Art. 25 (Termini e modalità di pubblicazione)

  1. La pubblicazione all'Albo ufficiale on-line è effettuata per un periodo di almeno quindici giorni naturali e consecutivi, salvo che non sia diversamente disposto da leggi o regolamenti oppure espressamente stabilito nell'atto.
  2. All'Albo ufficiale on-line sono pubblicati gli atti formati digitalmente o le copie digitali degli atti formati analogicamente, le cui fasi di archiviazione digitale e di immissione nell'Albo ufficiale on-line sono effettuate da soggetti incaricati dalla Scuola.
  3. Gli eventuali allegati agli atti sono pubblicati, salvo non ostino ragioni di natura tecnica.
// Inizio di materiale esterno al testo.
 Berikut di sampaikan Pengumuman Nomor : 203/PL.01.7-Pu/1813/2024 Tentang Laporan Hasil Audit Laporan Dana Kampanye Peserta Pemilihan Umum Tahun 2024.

In tal caso gli allegati restano depositati presso l'unità organizzativa responsabile del procedimento e sono consultabili da chiunque ne abbia interesse.
  4. Il responsabile del procedimento trasmette gli atti da pubblicare all'unità organizzativa competente alla pubblicazione informatica sull'Albo ufficiale on-line, indicando il termine finale.

Art. 26 (Tabella analitica dei procedimenti)
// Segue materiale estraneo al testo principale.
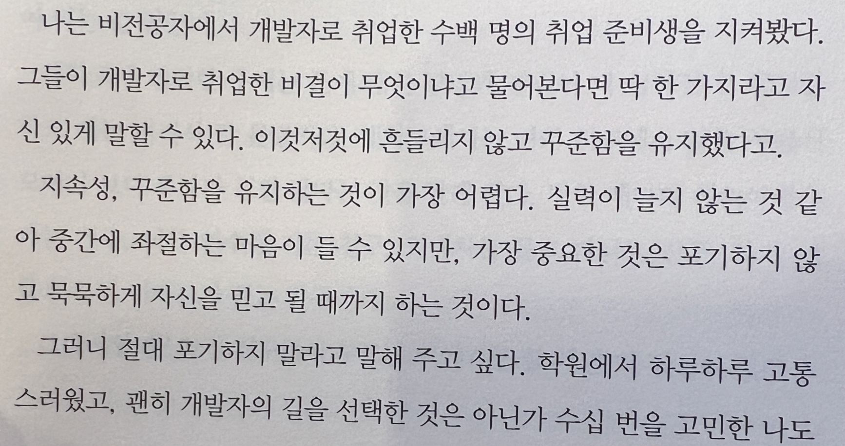 저자가 마지막으로 해주고 싶은 말을 다시 적어본다.

  1. In attuazione del presente regolamento, con atto del Segretario generale su proposta del Responsabile della Trasparenza, sono individuati i procedimenti amministrativi volti all’emanazione di un provvedimento con indicazione dei tempi, ai sensi dell’art. 2 comma 3 della Legge, dei responsabili e di ogni altra informazione necessaria. L’atto è pubblicato all’albo ufficiale e resta consultabile sul sito web della Scuola.
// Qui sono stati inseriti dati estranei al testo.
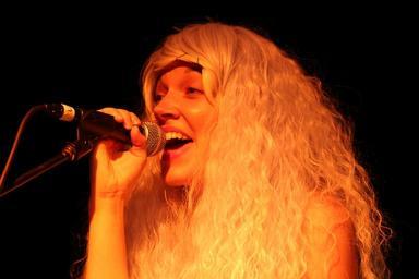 Keywords: pdx pop now 2015 summer outdoormusic outdoor concert stage sunlight tracks bridge drummer singer guitarist coco columbia jazz electronic rock weird spotlight black background music musician people performer Coco Columbia Coco Columbia

Art. 27 (Disposizioni finali)

  1. L’uso, nel presente regolamento, del genere maschile per indicare i soggetti, gli incarichi e gli stati giuridici è da intendersi riferito a entrambi i generi e risponde pertanto solo a esigenze di semplicità del testo.
  2. Il presente regolamento, approvato dal Consiglio direttivo ed emanato con decreto del Direttore, entra in vigore il giorno dopo la sua pubblicazione mediante affissione all'Albo Ufficiale. Da tale data è abrogato il regolamento emanato con DD 331/2004 e s.m.i..
  3. In prima applicazione, l’atto di cui all’art. 26 sarà adottato entro sessanta giorni dall’entrata in vigore del presente regolamento.
  4. Il presente regolamento, si interpreta e si applica tenendo conto della normativa nazionale e comunitaria per tempo vigente.
  5. Le modifiche al presente regolamento entrano in vigore il giorno successivo alla pubblicazione del decreto di emanazione.